Напротив школы я припарковался и, короткими резкими изворотами перебрасывая телефон между пальцами, расслабился и призадумался. Хорошо, что обаятельный бабник Воронский со своей окончательной Ксюшей подарил ключи – разомкнуть: слегка усыпанную листочками дорожку под еще летними деревьями, украшенными редкой желтизной, маленький домик с открытой верандой, блеск воды за пристанями и открывающийся среди деревьев песчаный спуск к широкому, уже не прегражденному ничем пространству реки.
Я глядел сквозь стекло на теплую улицу в прозрачных, облачных солнечных лучах и представлял: там эта однушка с какой-то подсобной комнатой и общими туалетом и ванной обшарпанной – как подумаешь, что там утром и вечером четыре человека вытворяют, так вздрогнешь – теснота, стол для уроков, зажали его два шкафа. Особенно воображаю раскладушку, со скрипучими пружинами, с, например, оранжевой в розовый цветочек тугой грубой для рук тканью. Моя юная любовница, согнув узкую спину, вытаскивает данный агрегат на середину комнаты, разворачивает с ржавыми щелчками суставчатую металлическую гусеницу, а потом на ней пытается ненадежным сном забыться среди чужого дыханья. Про несъедобные котлеты и кислый чай с дешевыми конфетками я уж не говорю. А еще тоскливое давление взрослых, понуждающих учиться.

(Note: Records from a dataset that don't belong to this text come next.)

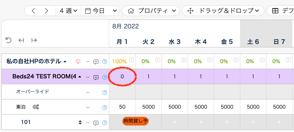 先に時間貸し予約が入ると、Beds24の在庫はゼロになります。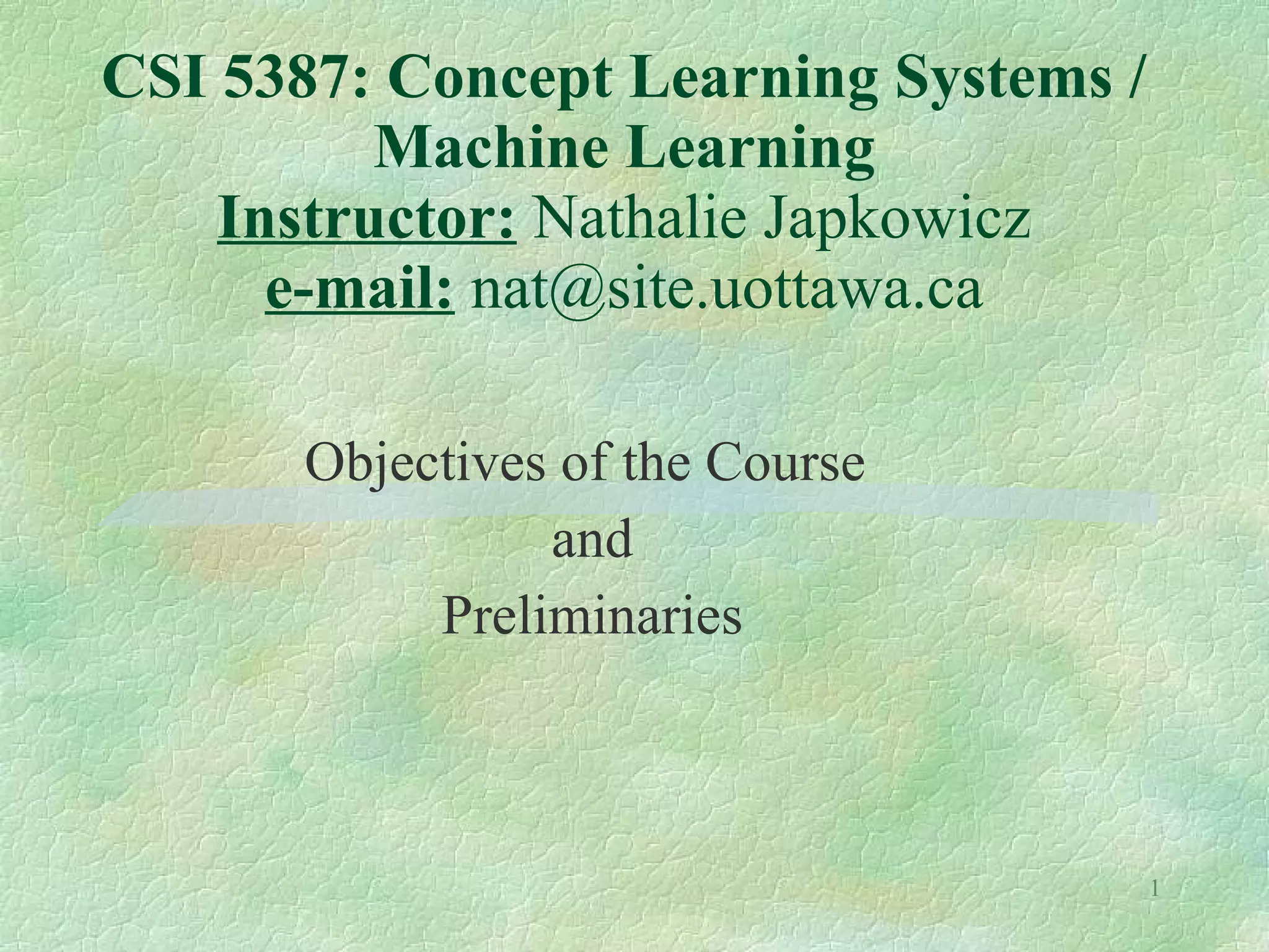 This document provides information about the CSI 5387: Concept Learning Systems / Machine Learning course taught by Dr. Nathalie Japkowicz. The objectives are to introduce machine learning principles, paradigms, and approaches. Students will read and present research papers, and complete a final project proposing and implementing a novel learning scheme. Course requirements include weekly paper critiques, 1-2 presentations, assignments, a project proposal, report, and presentation.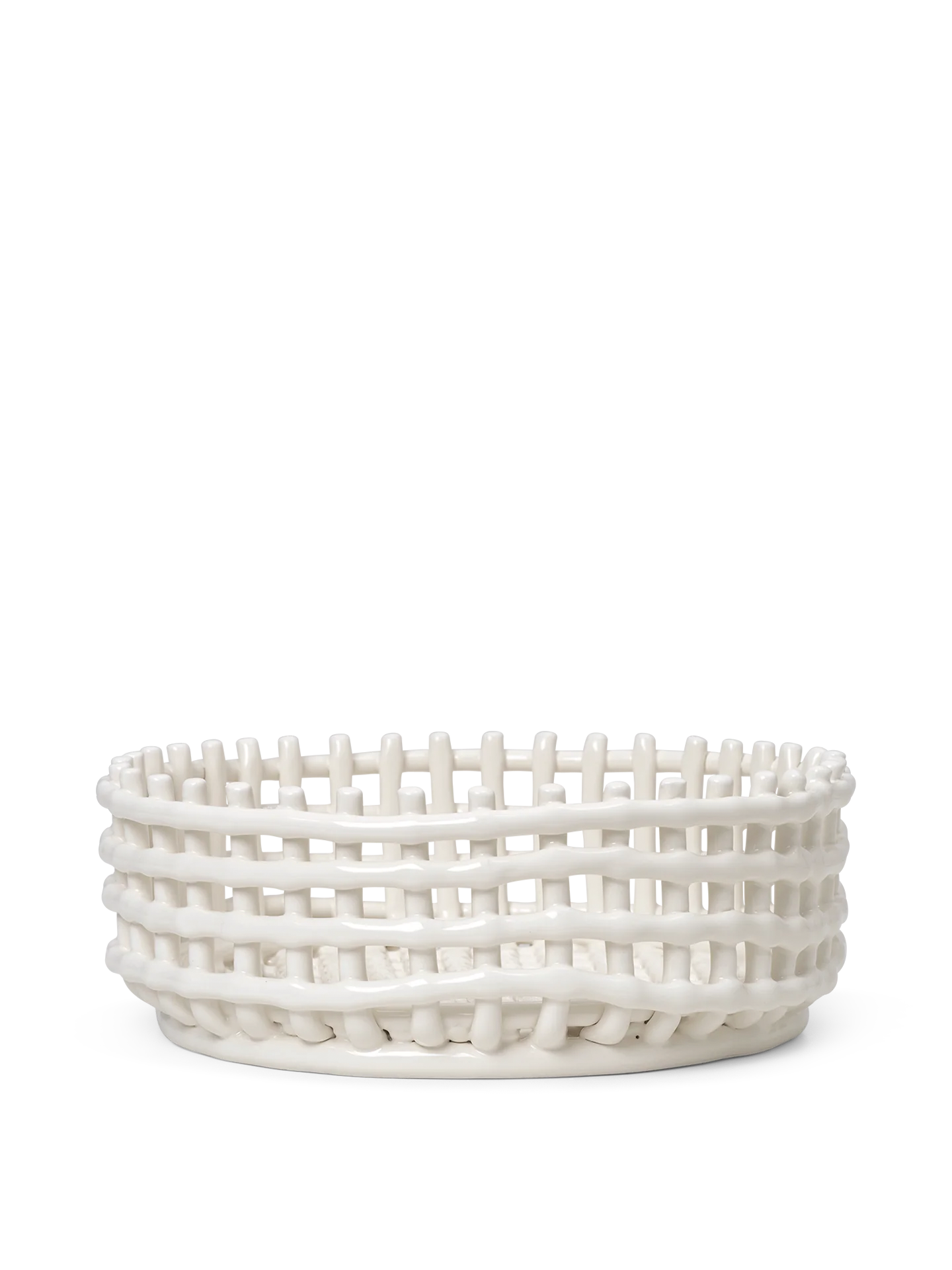 Ferm Living Ceramic Centrepiece är en elegant och mångsidig mittpunkt för alla dukningar, som kombinerar traditionell korgflätning med modern keramikdesign. Denna unika handgjorda skål återskapar den varma, taktila känslan av flätade korgar, men i ett tidlöst och hållbart stengodsmaterial. Perfekt som frukt- eller brödkorg och lika vacker som ett dekorativt inslag på bordet, blir den snabbt en självklar favorit i hemmet.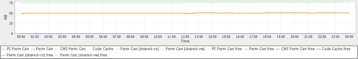 avg(PS Perm Gen) = 0.00 avg(Perm Gen) = 0.00 avg(CMS Perm Gen) = 74.78 avg(Code Cache) = 46.38 avg(Perm Gen [shared-ro]) = 0.00 avg(Perm Gen [shared-rw]) = 0.00 avg(PS Perm Gen free) = 0.00 avg(Perm Gen free) = 0.00 avg(CMS Perm Gen free) = 49.98 avg(Code Cache free) = 0.09 avg(Perm Gen [shared-ro] free) = 0.00 avg(Perm Gen [shared-rw] free) = 0.00

Тут же: мягкая с легкой спортивностью машина, просторные белые сиденья, любая музыка, теплая чистая река с удобной для отдыха песчаной косой посередине и без цепляющихся к ногам, многочисленно ползучих хтонических водорослей, вкусный ужин на обратном пути, моя чистая, в отличие от запрыщавевших Антошек и Петек, кожа, мое сильное большое тело, вкрадчивые понимающие пальцы и губы, свобода, болтовня о чем угодно. Думаю, достаточно причин, хотя, ни одна из них ничего не значит и ничего, в конце концов, не доказывает. Кроме разве что того, что, кажется, мы помещены в весьма комфортный мир – особенно если вспомнить, что я лишь вчера возвратился из маленького и жаркого города посреди степи, в котором угас, умер мой бедный брат.

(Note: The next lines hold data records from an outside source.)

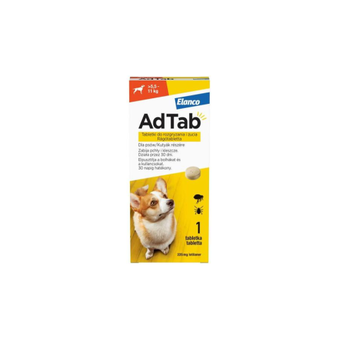 Az AdTab egy kicsi, hús ízű rágótabletta kutyák részére, ami gyorsan hat bolhák és kullancsok ellen. Biztonságos, hatékony és már két órán belül elkezd hatni. A készítmény alkalmazható 8 hetes vagy annál idősebb és 1,3 kg vagy annál nagyobb testtömegű kutyák kezelésére, biztonságosságát ellenőriztük, és a h
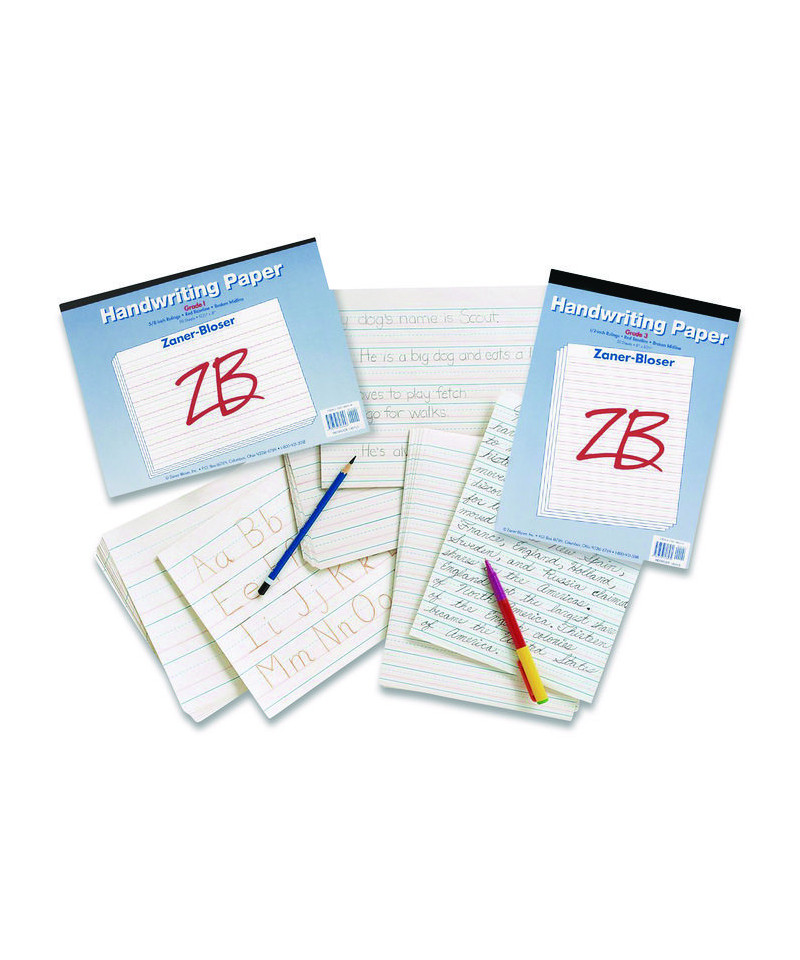 Rulings conform to Zaner-Bloser™ and/or D'Nealian™ handwriting programs. Bright tablet paper ruled on both sides with red baselines, blue dotted midlines and blue headlines.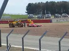 PSV Eindhoven (Narain Karthikeyan) car retrieved mid-race after spinning into the gravel at Superleague Formula Round 1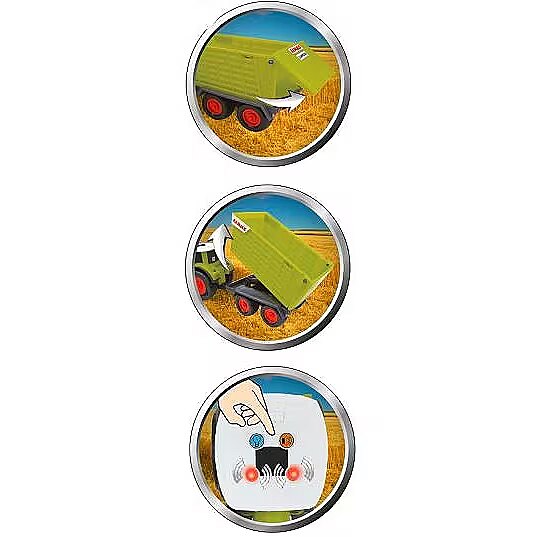 Description - HP 34541 Claas Mini tractor + trailer Cargos The Tractor Class Kids set includes a tractor vehicle and a trailer. The tractor and trailer are in green with wheels in black with red accessories. When the corresponding button on the cab is pressed, the tractor makes an engine sound and the warning lights come on. The Cargos trailer has an opening tailgate and the whole set is approximately 28 cm long. With their sweet eyes, the CLAAS Mini vehicles enchant the little ones and bring a smile to their faces. The toy is child-friendly thanks to its rounded corners and edges and fits perfectly into the hands of young children. Batteries are included in the package (batteries are a replaceable item 2 X 1.5V R44) Toy suitable for children from 12 months.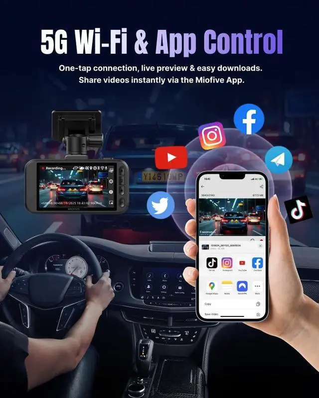 Dual Channel 4K + 2.5K Recording Capture sharp, detailed footage with the front camera at 4K resolution and a 140 wide-angle lens, plus the rear camera at 2.5K resolution and a 115 wide-angle view. HDR technology and enhanced super night vision ensure clear images in low-light conditions. ^^ Built-in GPS & 5GHz / 2.4GH z WiFi with App Control Easily connect with both Android and iOS devices via the Miofive app. View, download and share footage from your phone. GPS records your vehicles speed, route and location for added evidence. ^^ Automatic Event Locking & Loop Recording Loop recording ensures you never run out of storage; the built-in G-sensor detects a collision or sudden impact and automatically locks the file to prevent overwriting.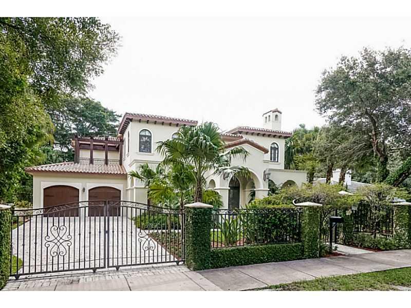 Majestic home on historic and prestigious Alhambra Circle. Built in 2006 featuring 6BR/6.5BA, elegant and quality high-end features coupled with soaring ceilings throughout. Spacious living areas, formal living and dining rooms, library, gourmet eat-in ki tchen, marble and wood floors throughout, and hurricane impact glass. Beautiful & covered patio area facing heated pool on a large exquisitely landscaped gated lot.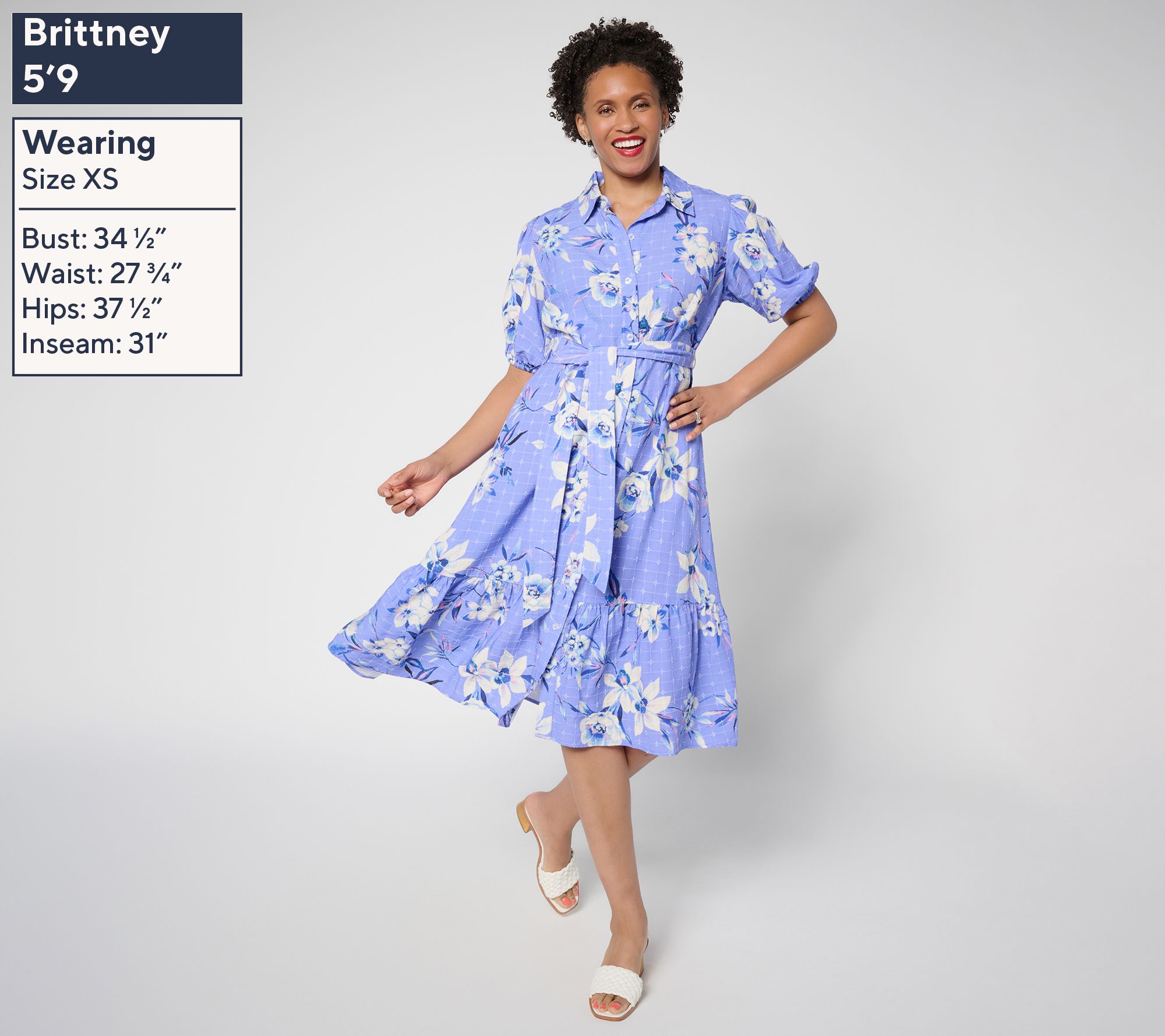 Celebration-ready? Perfect for garden parties and daytime gatherings, this textured midi dress pairs a playful print with charming details. From Susan Graver.

Жаль, что я не сумел вызволить его переписку. Я остановил задумчивые развороты телефона и отыскал торопливо то немногое, что удалось мне сохранить. Я прочел наугад два:
«Нам обещали дождь, и мы боялись дождя, и я не был уверен, что ты выйдешь, спустишься из незнакомого, загадочного подъезда, а телефона не было, зато болтал по телефону перед подъездом таксист. Я сказал, что я вызвал такси, но надо подождать человека – того самого человека, который появится – должен же появиться – из подъезда. А за день до того, за два дня я понимал, что должна тонкая, натянутая нить в наших сообщениях как-то разорваться, что должны разрешиться намеки и комплименты, упасть легкий покров осторожности, приближение обходительными кругами внезапно перескочить в роковой рывок. Я работал с утра неожиданно для себя и думал, что работаю, может быть, будучи влюбленным – и уже некуда было отступать, надо было говорить, признаваться. После минутного молчания ты сказала: „А давай“. Наша огромная переписка теперь мной утеряна, но текст сохранит самое важное и, быть может, частично воспроизведет твой голос, твои слова, ***».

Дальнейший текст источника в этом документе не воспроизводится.